The drill goes something like this: The load average on the production web server soars from something around 1 to 50 or 100 or higher, and one of the web applications stops doing any useful work. It is shown as running in the process table, but it does not answer queries and does no logging.

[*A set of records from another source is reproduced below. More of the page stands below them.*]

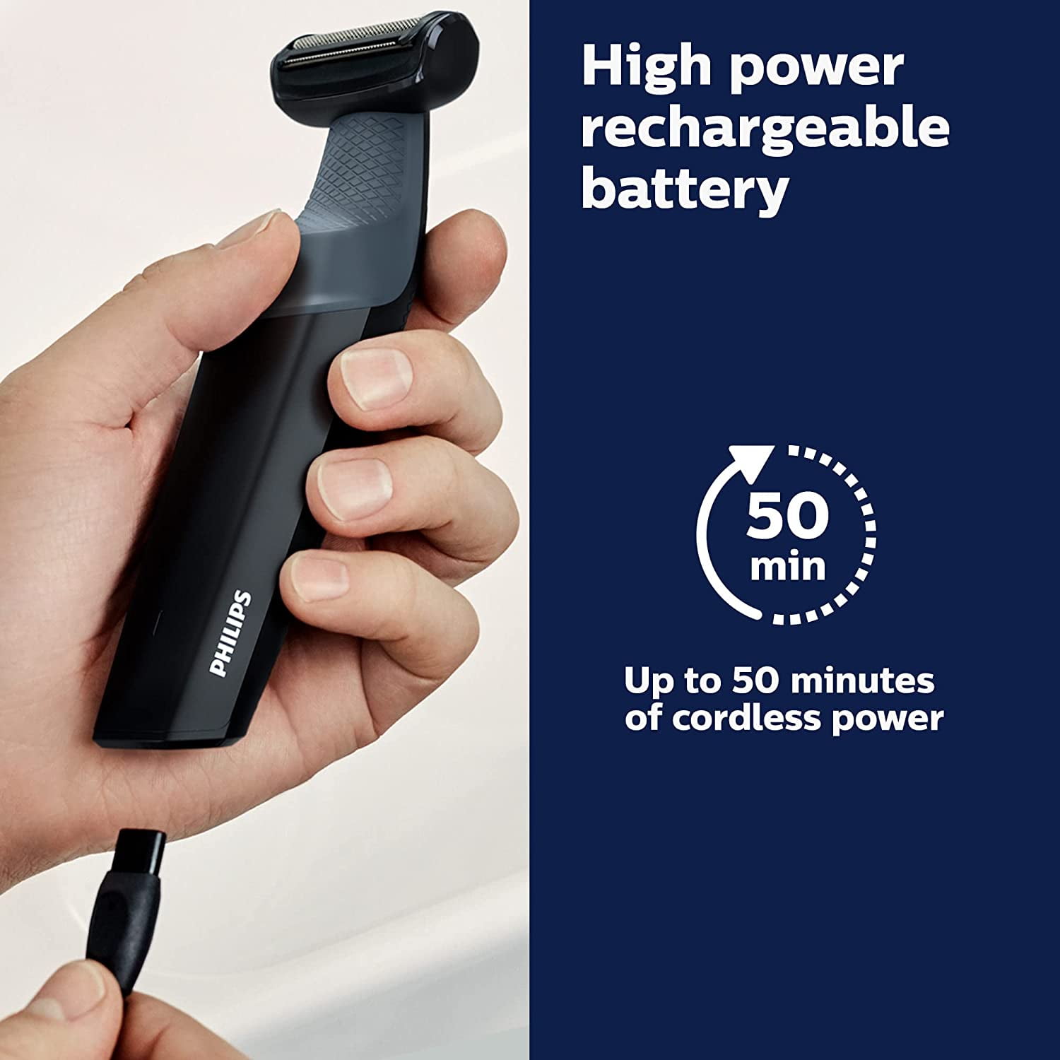 Shave or trim any area on your body, including hard to reach areas like your back, shoulders, chest, abs, underarms, arms, groin area and legs using the extra long attachment. The best Philips Norelco shaver for men. The men’s body groomer designed to capture short, long and thick hair in a single stroke. The shaver head features patented rounded tips and a hypo-allergenic foil to protect your skin from cuts and nicks. Wet or Dry- Your wet and dry body groomer is 100% water resistant. The body hair trimmer for men is specifically showerproof designed with an ergonomic rubber grip for better control when wet. Easy to clean- The Philips body trimmer for men is easy to maintain by running the detachable blade cartridge under water for a quick rinse. Powered by Rechargeable battery that allows for up to 1 hour of run time on only a 1 hour charge. 2D contour following with skin protect technology 1 click-on comb, 3mm 50 min cordless use Contour following 2D shaver Back reach attachment Shaving with safety and comfort on your delicate skin – The shaver head features patented rounded tips and a hypo-allergenic foil to protect your skin from cuts and nicks while shaving. Bidirectional trimmer and comb to trims in every direction – Cut hair that grows in any direction using the bidirectional trimmer and 3mm comb. Pre-trimming is recommended for thicker hair. Grooming those hard-to-get places with back attachment – Conveniently remove back hair. This attachment has been specially designed for convenient back grooming. 100% Showerproof body groomer – Your wet and dry body groomer is fully water proof, so you can use it in or out of the shower and clean your groomer easily. For best results, use on dry hair before showering. 50 minutes cordless use – High-power rechargeable battery for full body use, with 50 minutes of cordless use. Ergonomic grip for added grooming control – Your body groomer is easy to hold and maneuver, with a rubber ergonomic grip for more controlled trimming. Body groomer built to last with no oil required – All of our body grooming products are built to last. Accessories: Comb, Back handle attachment Power: Battery type – Ni-MH Charging: 8 hours full charge Run time – 50minutes Handle: Ergonomic grip & handling Shaving element: Foil with two pre-trimmers Skin comfort: Skin protection system, Comfort in sensitive areas Length settings: 1 fixed length setting Wet & Dry
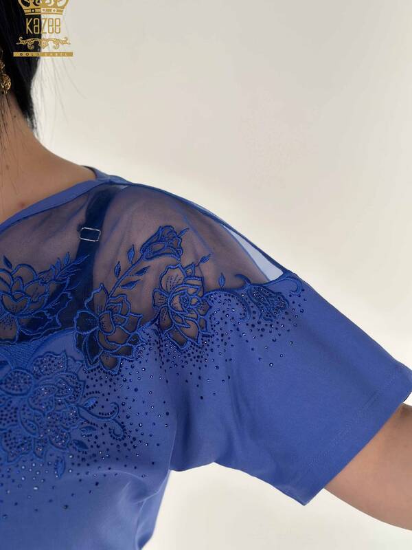 Toptan Kadın Bluz Tül Detaylı Çiçek Nakışlı Taş İşlemeli İndigo - 79453 | KAZEE
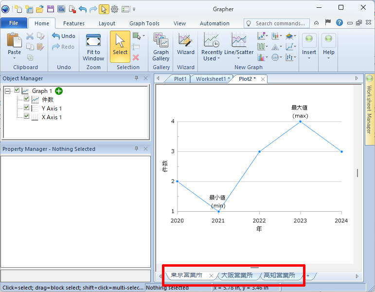 Grapher で作成した複数ページを単一の PDF ファイルにエクスポートする
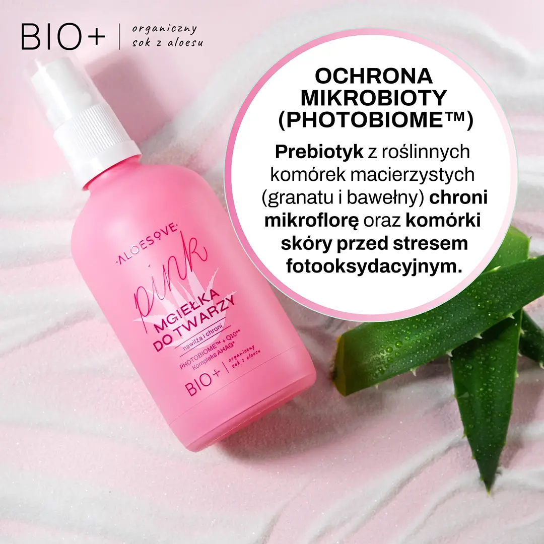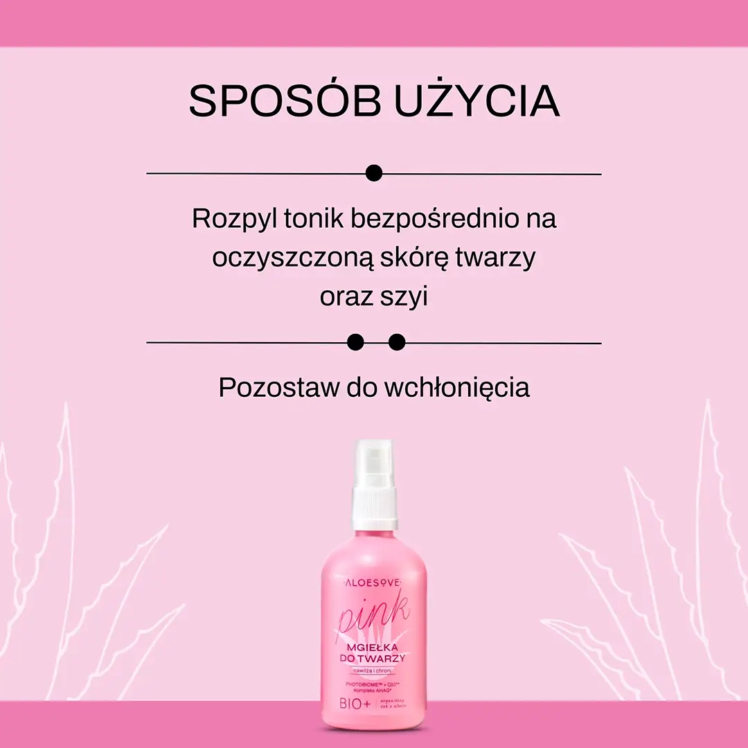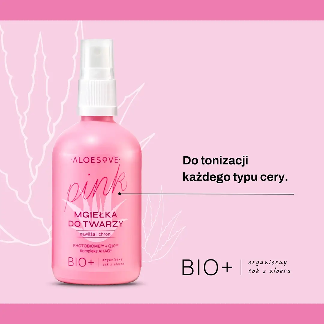 Tonik-mgiełka ALOESOVE PINK to produkt do codziennej pielęgnacji każdego typu cery. Tonizuje skórę, zapewniając intensywne nawilżenie i ochronę. Dzięki kompleksowi AHAG z ekstraktów aloesu, miłorzębu japońskiego, hibiskusa i oleju z nasion amarantusa, skutecznie łagodzi podrażnienia i redukuje zaczerwienienia.

Killing the web application processes - a pair of tomcat daemons - works OK, but the processes remain in a defunct state, holding onto resources, and preventing a new web application from starting. The parent PID is 1, but init isn't reaping the dead process.
Worse, if one tries to reboot the machine, say via /sbin/reboot, the machine hangs. One has to cycle power on the machine to get it to restart cleanly. Thank goodness for fast boot times and journaled filesystems!
Often these drills take place early in the morning (4am, 5am) when we run big automated jobs, like updating the search index. And we always see a little something like this in /var/log/messages:
Mar 29 04:43:35 top kernel: INFO: task khugepaged:503 blocked for more than 120 seconds.
Mar 29 04:43:35 top kernel: "echo 0 > /proc/sys/kernel/hung_task_timeout_secs" disables this message.
Mar 29 04:43:35 top kernel: khugepaged D 0000000000000000 0 503 2 0x00000000
Mar 29 04:43:35 top kernel: ffff8804747d9c90 0000000000000046 0000000000000000 ffff880000058d80
Mar 29 04:43:35 top kernel: ffff8804747d9c20 0000000000000002 0000000000000003 ffff880000069b00
Mar 29 04:43:35 top kernel: ffff8804747b26b8 ffff8804747d9fd8 000000000000f4e8 ffff8804747b26b8
Mar 29 04:43:35 top kernel: Call Trace:
Mar 29 04:43:35 top kernel: [<ffffffff8116a1c8>] ? __mem_cgroup_try_charge+0x78/0x420
Mar 29 04:43:35 top kernel: [<ffffffff814eef25>] rwsem_down_failed_common+0x95/0x1d0
Mar 29 04:43:35 top kernel: [<ffffffff814ef083>] rwsem_down_write_failed+0x23/0x30
Mar 29 04:43:35 top kernel: [<ffffffff81276d83>] call_rwsem_down_write_failed+0x13/0x20
Mar 29 04:43:35 top kernel: [<ffffffff814ee582>] ? down_write+0x32/0x40
Mar 29 04:43:35 top kernel: [<ffffffff8116f140>] khugepaged+0x790/0x12c0
Mar 29 04:43:35 top kernel: [<ffffffff81090a90>] ? autoremove_wake_function+0x0/0x40
Mar 29 04:43:35 top kernel: [<ffffffff8116e9b0>] ? khugepaged+0x0/0x12c0
Mar 29 04:43:35 top kernel: [<ffffffff81090726>] kthread+0x96/0xa0
Mar 29 04:43:35 top kernel: [<ffffffff8100c14a>] child_rip+0xa/0x20
Mar 29 04:43:35 top kernel: [<ffffffff81090690>] ? kthread+0x0/0xa0
Mar 29 04:43:35 top kernel: [<ffffffff8100c140>] ? child_rip+0x0/0x20
This can't be good. It is never good when the kernel logs messages. A happy kernel is a silent kernel.
Our experience has been that heavy use of NFS - especially by writers - tickles this bug more often, and so we've taken to off-loading some content from our EMC NAS to the local filesystem. This also helps performance sometimes, but makes it more problematic to back up content given how we've architected things.
We've also done some digging into the deepest Red Hat forums and IRC channels looking for answers. Maybe khugepaged is just the victim here? Maybe the real culprint is the memory management in the kernel? Or Colonel Mustard in the library?
This entry got us to try one more thing.
So we'll see how it goes next week.
If only we had Richard III to help. Or Steinbeck.